Data Analysis & ML/Machine Learning

[Machine Learning][머신러닝][앙상블] Voting

YSY^ 2020. 9. 2. 16:29

앙상블의 종류

1. 투표방식

  • 여러개의 추정기(Estimator)가 낸 결과들을 투표를 통해 최종 결과를 내는 방식
  • 종류
    1. Bagging - 같은 유형의 알고리즘들을 조합하되 각각 학습하는 데이터를 다르게 한다.
    2. Voting - 서로 다른 종류의 알고리즘들을 결합한다.

2. 부스팅(Boosting)

  • 약한 학습기(Weak Learner)들을 결합해서 보다 정확하고 강력한 학습기(Strong Learner)를 만든다.

 

Voting

Voting의 유형

  1. hard voting
    • 다수의 추정기가 결정한 예측값들 중 많은 것을 선택하는 방식

  1. soft voting
    • 다수의 추정기에서 각 레이블별 예측한 확률들의 평균을 내서 높은 레이블값을 결과값으로 선택하는 방식
    • 일반적으로 soft voting이 성능이 더 좋다.
    • Voting은 성향이 다르면서 비슷한 성능을 가진 모델들을 묶었을때 가장 좋은 성능을 낸다.

VotingClassifier 클래스 이용

  • 매개변수
    • estimators : 앙상블할 모델들 설정. ("추정기이름", 추정기) 의 튜플을 리스트로 묶어서 전달
    • voting: voting 방식. hard(기본값), soft 지정

 

와인데이터셋

import pandas as pd
import numpy as np

wine = pd.read_csv('data/wine.csv')

# quality 인코딩
from sklearn.preprocessing import LabelEncoder
encoder = LabelEncoder()
wine['quality'] = encoder.fit_transform(wine['quality'])


# X, y 분리
y = wine['color']
X = wine.drop(columns='color')

# train/test set 분리
from sklearn.model_selection import train_test_split
X_train, X_test, y_train, y_test = train_test_split(X, y, stratify=y)

모델링

from sklearn.neighbors import KNeighborsClassifier
from sklearn.tree import DecisionTreeClassifier
from sklearn.svm import SVC
from sklearn.linear_model import LogisticRegression


knn = KNeighborsClassifier(n_neighbors=5)
dt = DecisionTreeClassifier(max_depth=5)
svm = SVC(C=0.1, gamma='auto', probability=True) #SVC 모델을 soft voting에 사용하려면 probability=True 로 설정해야 한다.
lg = LogisticRegression()

estimators = [('knn',knn), ('dt',dt), ('svm',svm), ('lg', lg)]

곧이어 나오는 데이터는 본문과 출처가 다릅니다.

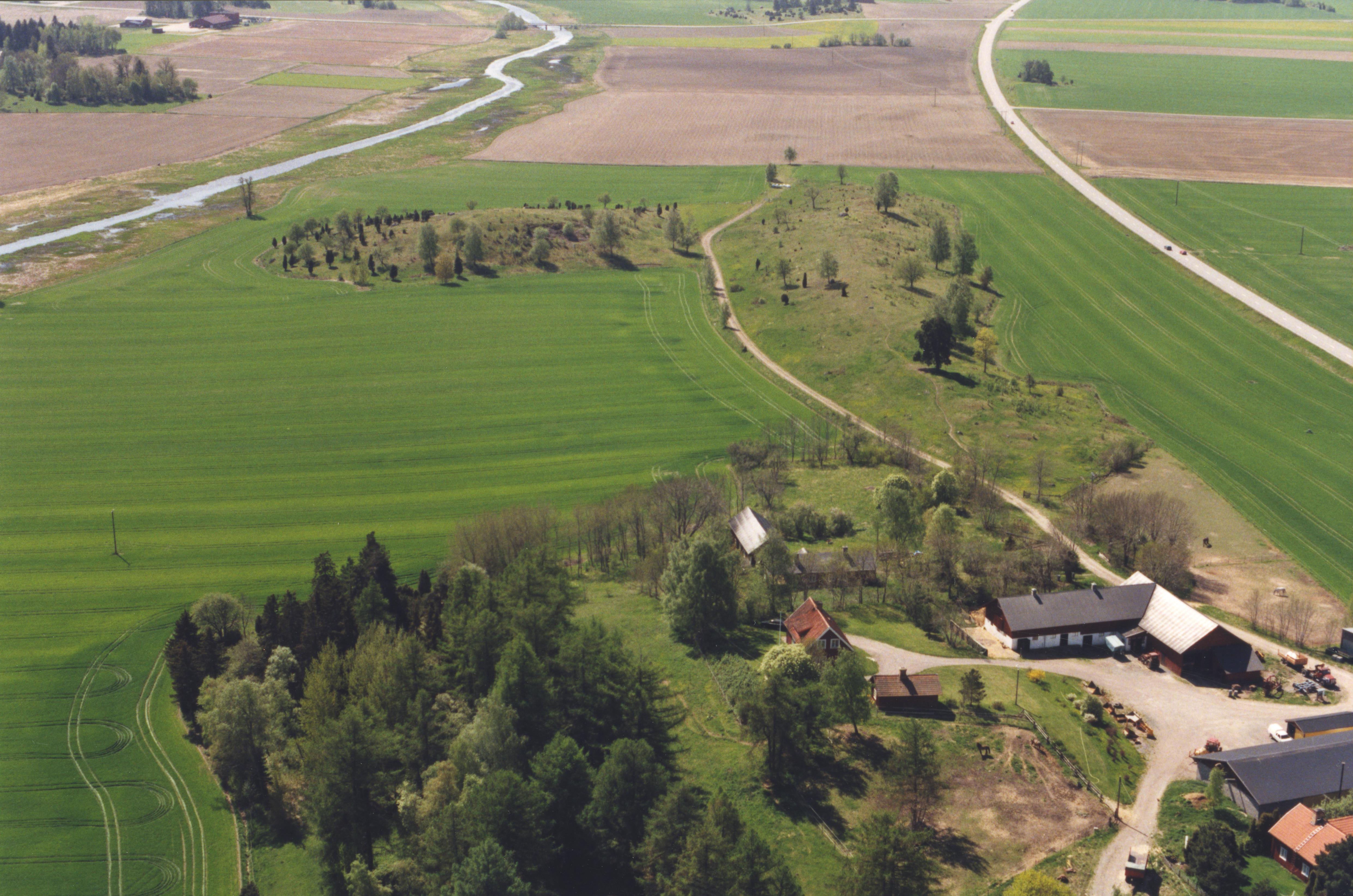 Beskrivning: Fyrisån vid Husby i Lena. I bildens nedre del bytomt RAÄnr Lena 833. Vid bildens mitt gravfälten RAÄnr Lena 140:1 och 141:1, högen Horsberget RAÄnr Lena 316:1 m.fl. I bildens övre del socknet Ärentuna. Bilden är tagen mot (väderstreck): SSV

from sklearn.metrics import accuracy_score
for name, model in estimators:

    model.fit(X_train, y_train)

    pred_train = model.predict(X_train)
    pred_test = model.predict(X_test)

    print(name+":", accuracy_score(y_train, pred_train), accuracy_score(y_test, pred_test))

# knn: 0.9599753694581281 0.9421538461538461
# dt: 0.9901477832512315 0.9821538461538462
# svm: 0.8918308702791461 0.8898461538461538
# lg: 0.9747536945812808 0.9704615384615385

VotingClassifier를 이용해 앙상블 모델 생성

Hard Voting

from sklearn.ensemble import VotingClassifier
v_clf = VotingClassifier(estimators) #voting="hard"-기본값 || "soft"

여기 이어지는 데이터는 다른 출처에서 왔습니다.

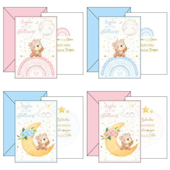 Biglietto auguri Battesimo - 11,7 x 17 cm verticale - 4 soggetti assortiti - Kartos

v_clf.fit(X_train, y_train) #각각의 모델을 학습
#==> VotingClassifier(estimators=[('knn',
                              KNeighborsClassifier(algorithm='auto',
                                                   leaf_size=30,
                                                   metric='minkowski',
                                                   metric_params=None,
                                                   n_jobs=None, n_neighbors=5,
                                                   p=2, weights='uniform')),
                             ('dt',
                              DecisionTreeClassifier(ccp_alpha=0.0,
                                                     class_weight=None,
                                                     criterion='gini',
                                                     max_depth=5,
                                                     max_features=None,
                                                     max_leaf_nodes=None,
                                                     min_impurity_decrease=0.0,
                                                     min_impurity_split=No...
                                  probability=True, random_state=None,
                                  shrinking=True, tol=0.001, verbose=False)),
                             ('lg',
                              LogisticRegression(C=1.0, class_weight=None,
                                                 dual=False, fit_intercept=True,
                                                 intercept_scaling=1,
                                                 l1_ratio=None, max_iter=100,
                                                 multi_class='auto',
                                                 n_jobs=None, penalty='l2',
                                                 random_state=None,
                                                 solver='lbfgs', tol=0.0001,
                                                 verbose=0,
                                                 warm_start=False))],
                 flatten_transform=True, n_jobs=None, voting='hard',
                 weights=None)


pred_train = v_clf.predict(X_train)
pred_test = v_clf.predict(X_test)

accuracy_score(y_train, pred_train), accuracy_score(y_test, pred_test)
(0.9667487684729064, 0.9581538461538461)

Soft Voting

from sklearn.ensemble import VotingClassifier
v_clf = VotingClassifier(estimators, voting="soft") #voting="hard"-기본값 || "soft"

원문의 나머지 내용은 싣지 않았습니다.